Stacja Dworzec Wileński będzie najdłuższą stacją II linii metra. Ciągnie się od ulicy 11 Listopada aż do Kłopotowskiego. To ponad 400 metrów! Sam korpus stacji też jest już gotowy. Trwają jeszcze prace przy wylewaniu betonu na torach odstawczych, gdzie będą zawracać pociągi II linii metra. Na wszystkich pozostałych poziomach zostało już tylko wykończenie.
- A w połowie kwietnia tarcza "Krystyna" ruszy już na dobre w stronę stacji Stadion. Obecnie trwa montaż taśmociągu do wybierania urobku ziemi, która powstaje w wyniku pracy tarczy - tłumaczy Krzysztof Malawko (56 l.), rzecznik metra. A "Elżbieta" jeszcze przed świętami ma rozpocząć swój rozruch i dołączyć do "Krystyny".
Choć większość prac zeszła na Dworcu Wileńskim pod ziemię, to budowa wciąż nie daje spać mieszkańcom. Na najbliższą sobotę lokatorzy z kamienicy przy Targowej 70 zapowiedzieli protest pod pobliską pocztą. O godz. 11 mają się też pojawić inni mieszkańcy, którym budowa daje się we znaki.

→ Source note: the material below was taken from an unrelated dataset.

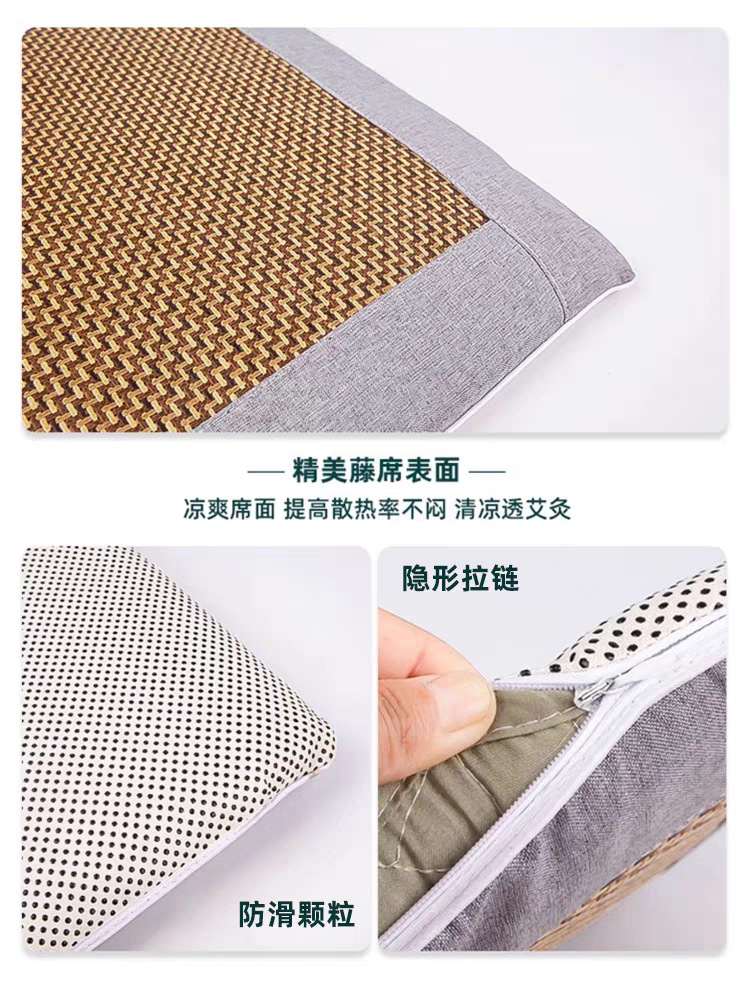 艾绒凉席坐垫 编织藤席,光滑无毛刺,温炙不闷热;棉麻布料,陈年艾绒,底部颗粒防滑,隐形拉链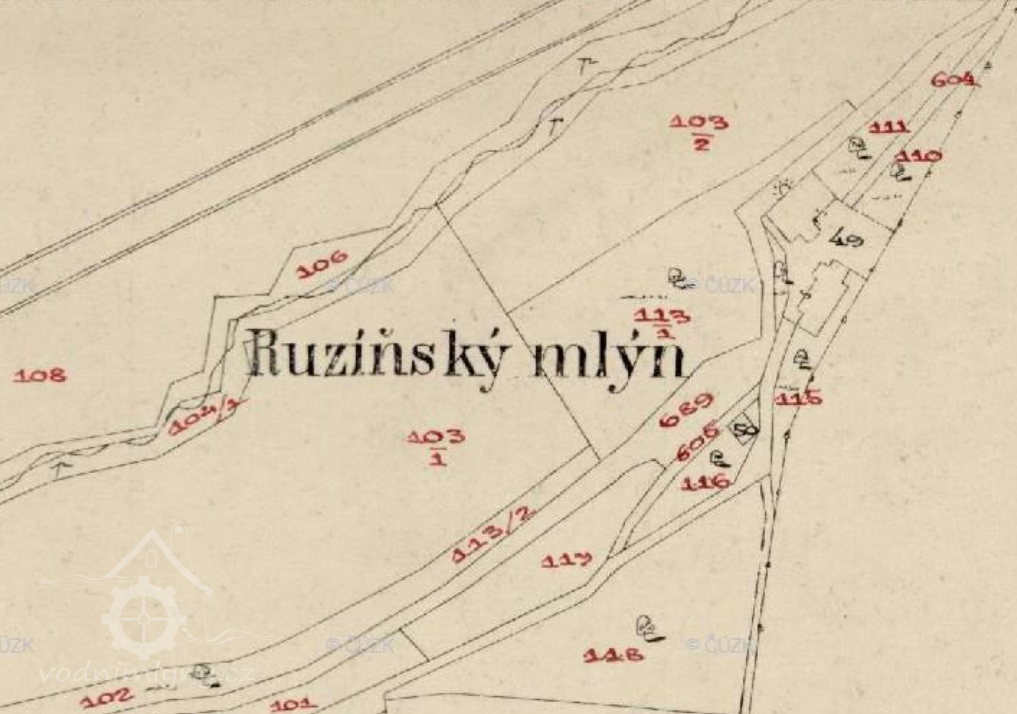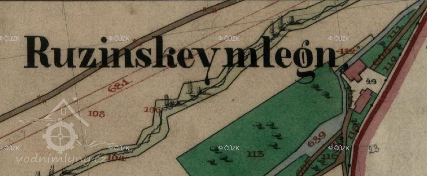 Z Litovického neboli Jalového potoka spuštěním stavidla napuštěno rameno, které naplňovalo náhon ruzyňského mlýna. V místech, kde bývalo stavidlo, vedla po zboření mlýna přes potok lávka na cestu.

- Nie da się spać, nie da się normalnie funkcjonować - mówi Ewa Goduń ze wspólnoty lokatorów.
Prażanie mają się domagać konkretnych informacji od wykonawcy budowy oraz zapewnień, że po zakończeniu prac naprawi on ich kamienice. Kiedy odetchną mieszkańcy Pragi? Nie wiadomo. Wiadomo tylko, że budowa ma się zakończyć w ciągu roku.
- Gdyby nie zmiany w organizacji pracy i przeniesienie tu tarcz z Powiśla, to część zadaszenia byłaby już pewnie gotowa - tłumaczy opóźnienie Krzysztof Malawko.